= Problem statement =
Each of the entries below is to be written out exactly, and the images skipped.

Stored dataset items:
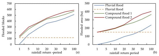| Compound flood | Rainfall and river levee overtopping | 50-year river flood combined with 1-, 5-, 10-, 20-, 30-, 50-year rainfall return periods, respectively |
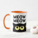 Meow Meow drôle de mème de chat dessin animé café cadeau de tasse pour les propriétaires d'animaux. Coupe blanche mignonne avec dessin animé kitty et citation humoristique. Idée de cadeau amusant pour amoureux des animaux, propriétaire de chat, personne de chat, papa de chat, amoureux des animaux, etc. Couleur orange ou personnalisée à l'intérieur et poignée. Silhouette de chat drôle avec de grands yeux jaunes.
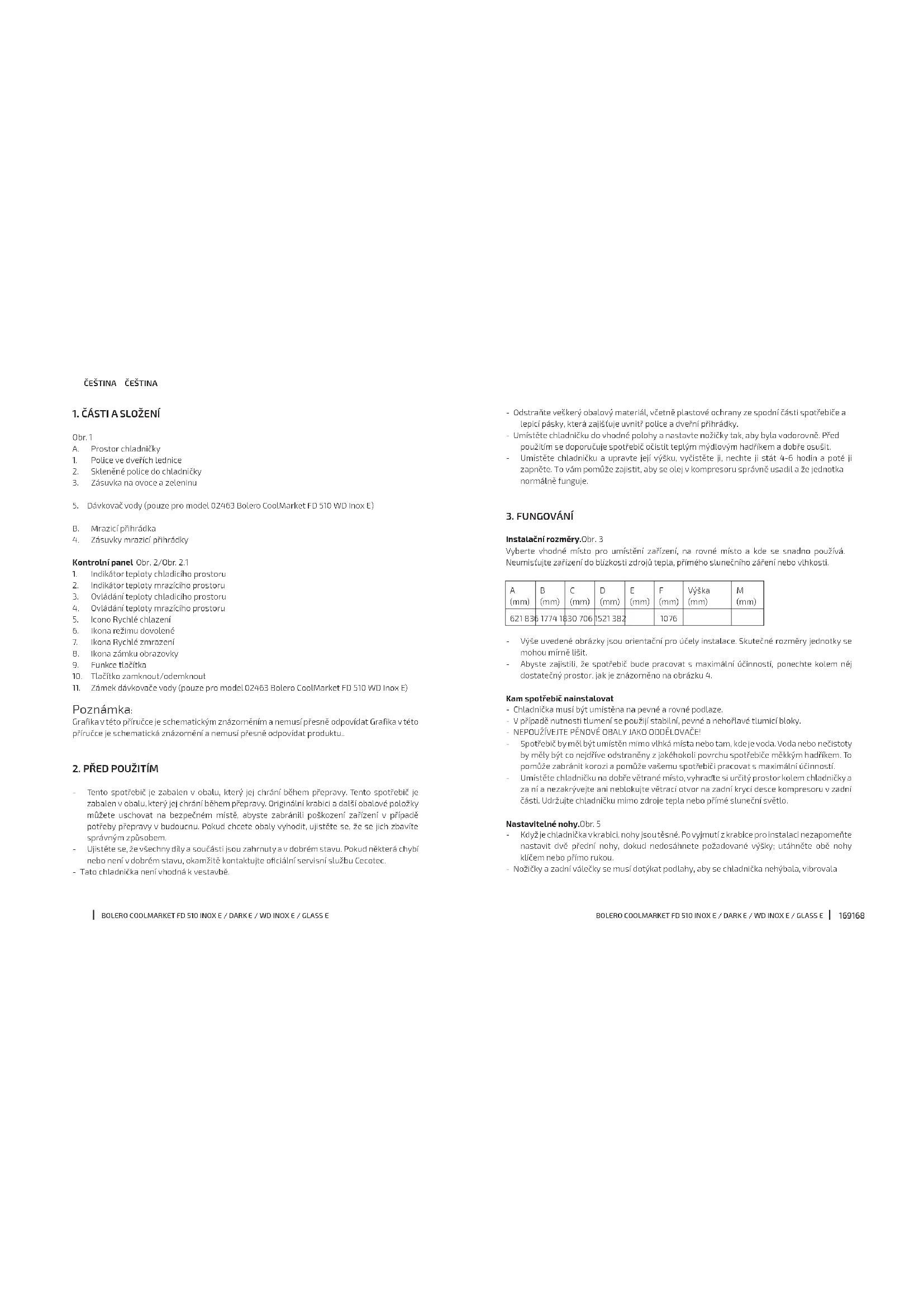 - Tento spotřebič je zabalen v obalu, který jej chrání během přepravy. Tento spotřebič je zabalen v obalu, který jej chrání během přepravy. Originální krabici a další obalové položky můžete uschovat na bezpečném místě, abyste zabránili poškození zařízení v případě potřeby přepravy v budoucnu. Pokud chcete obaly vyhodit, ujistěte se, že se jich zbavíte správným způsobem. - Ujistěte se, že všechny díly a součásti jsou zahrnuty a v dobrém stavu. Pokud některá chybí nebo není v dobrém stavu, okamžitě kontaktujte ociální servisní službu Cecotec. - Tato chladnička není vhodná k vestavbě.171170 BOLERO COOLMARKET FD 510 INOX E / DARK E / WD INOX E / GLASS E BOLERO COOLMARKET FD 510 INOX E / DARK E / WD INOX E / GLASS E
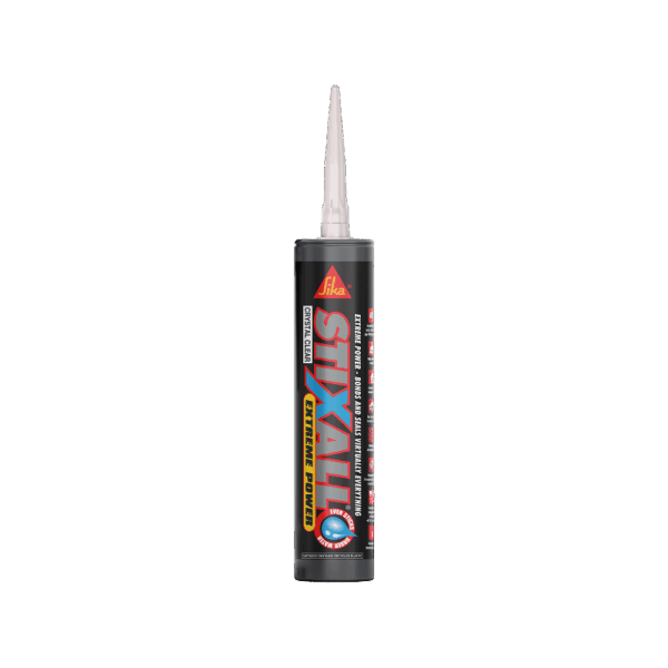 Sika StixAll Extreme Power Crystal Clear is a one-part, moisture-curing adhesive and sealant that combines the best qualities of silicone and polyurethane technologies. It’s considered “extreme power” due to its incredible initial grab, no-slip properties, high bonding strength, and ability to bond and seal virtually anything to anything in nearly all conditions, including wet surfaces.
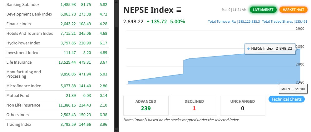 नेप्से परिसूचक कारोबार सुरु भएको १ मिनेट मै ४ प्रतिशतले बढेर २० मिनेटको लागि सर्किट ब्रेक लागेको थियो । बजार पुनः ५ प्रतिशतले बढेर ४० मिनेटका लागि कारोबारमा ब्रेक लागेको हो । बजार १३५ अंकले बढेर २८४८.२२ बिन्दुमा कायम भई ब्रेक लागेको छ ।
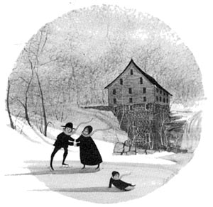 This is a black and white illustration of a color print.
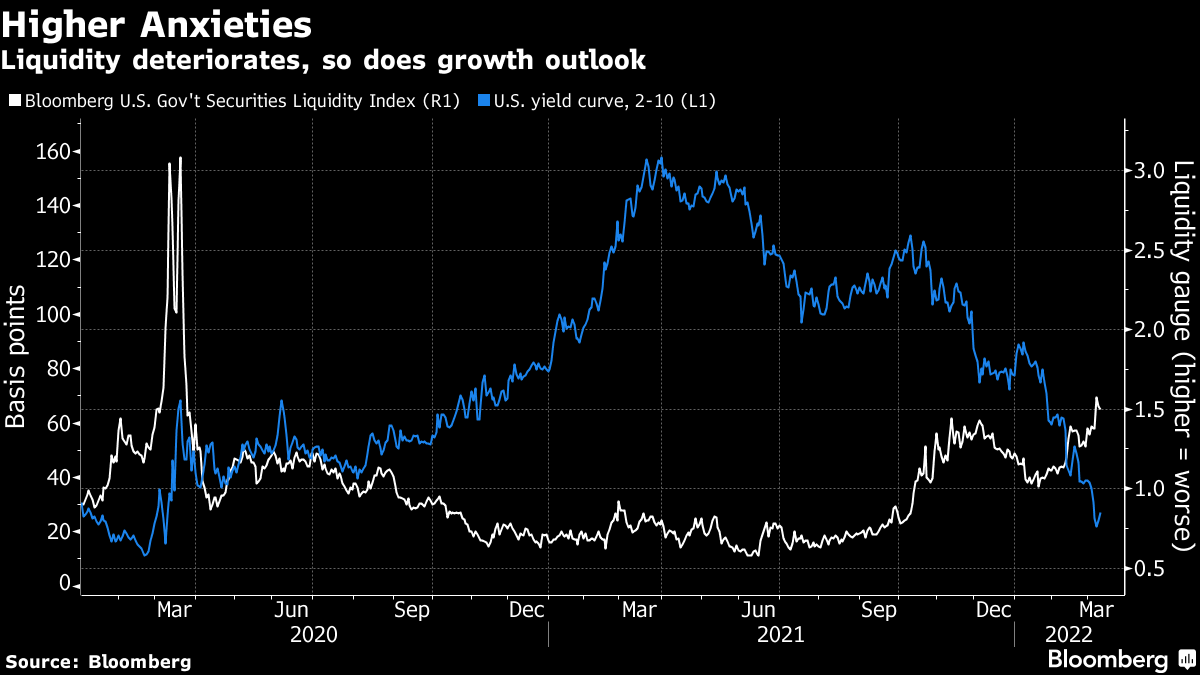 除了更广泛的资金蔓延外,债券市场本身也在发出新的警报,既有关于流动性的 -- 随着交易条件恶化 -- 也有关于增长前景的,随着收益曲线向零飙升。
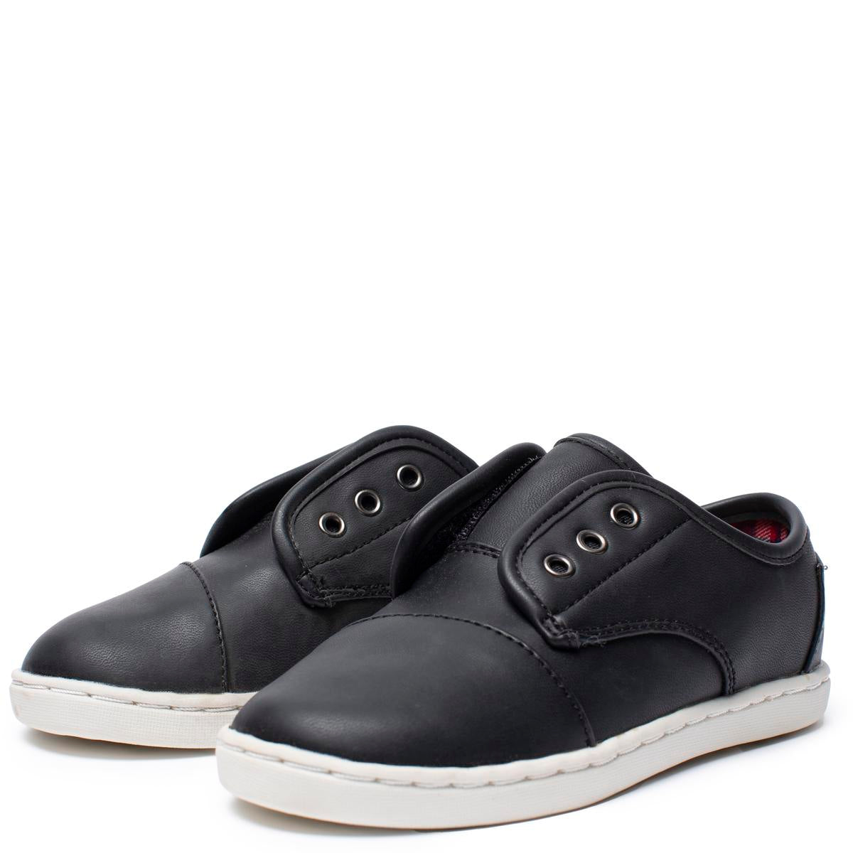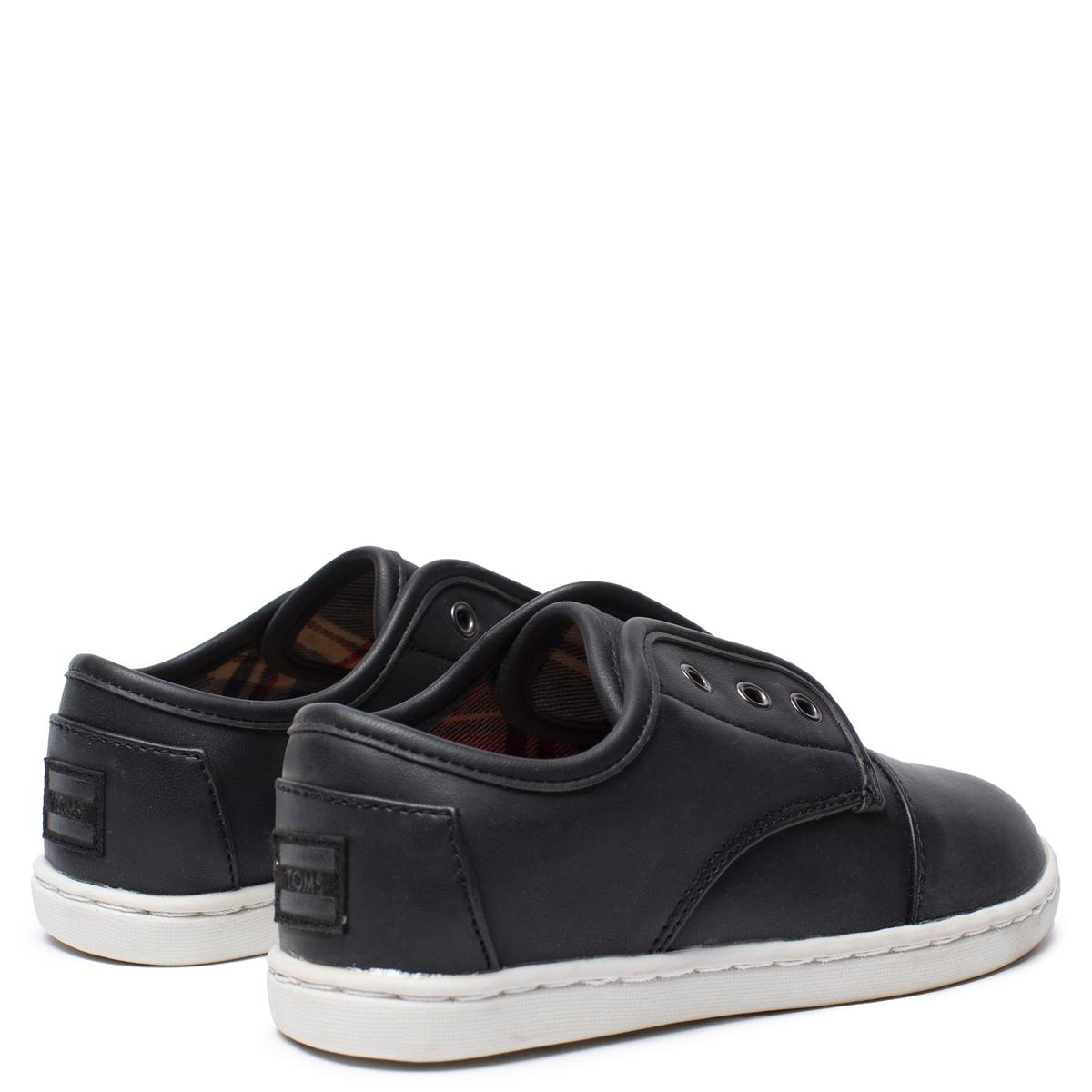TOMS FOR KIDS: PASEO BLACK SYNTHETIC LEATHER -

= Written response =
| Compound flood | Rainfall and river levee overtopping | 50-year river flood combined with 1-, 5-, 10-, 20-, 30-, 50-year rainfall return periods, respectively |
 Meow Meow drôle de mème de chat dessin animé café cadeau de tasse pour les propriétaires d'animaux. Coupe blanche mignonne avec dessin animé kitty et citation humoristique. Idée de cadeau amusant pour amoureux des animaux, propriétaire de chat, personne de chat, papa de chat, amoureux des animaux, etc. Couleur orange ou personnalisée à l'intérieur et poignée. Silhouette de chat drôle avec de grands yeux jaunes.
 - Tento spotřebič je zabalen v obalu, který jej chrání během přepravy. Tento spotřebič je zabalen v obalu, který jej chrání během přepravy. Originální krabici a další obalové položky můžete uschovat na bezpečném místě, abyste zabránili poškození zařízení v případě potřeby přepravy v budoucnu. Pokud chcete obaly vyhodit, ujistěte se, že se jich zbavíte správným způsobem. - Ujistěte se, že všechny díly a součásti jsou zahrnuty a v dobrém stavu. Pokud některá chybí nebo není v dobrém stavu, okamžitě kontaktujte ociální servisní službu Cecotec. - Tato chladnička není vhodná k vestavbě.171170 BOLERO COOLMARKET FD 510 INOX E / DARK E / WD INOX E / GLASS E BOLERO COOLMARKET FD 510 INOX E / DARK E / WD INOX E / GLASS E
 Sika StixAll Extreme Power Crystal Clear is a one-part, moisture-curing adhesive and sealant that combines the best qualities of silicone and polyurethane technologies. It’s considered “extreme power” due to its incredible initial grab, no-slip properties, high bonding strength, and ability to bond and seal virtually anything to anything in nearly all conditions, including wet surfaces.
 नेप्से परिसूचक कारोबार सुरु भएको १ मिनेट मै ४ प्रतिशतले बढेर २० मिनेटको लागि सर्किट ब्रेक लागेको थियो । बजार पुनः ५ प्रतिशतले बढेर ४० मिनेटका लागि कारोबारमा ब्रेक लागेको हो । बजार १३५ अंकले बढेर २८४८.२२ बिन्दुमा कायम भई ब्रेक लागेको छ ।
 This is a black and white illustration of a color print.
 除了更广泛的资金蔓延外,债券市场本身也在发出新的警报,既有关于流动性的 -- 随着交易条件恶化 -- 也有关于增长前景的,随着收益曲线向零飙升。
TOMS FOR KIDS: PASEO BLACK SYNTHETIC LEATHER -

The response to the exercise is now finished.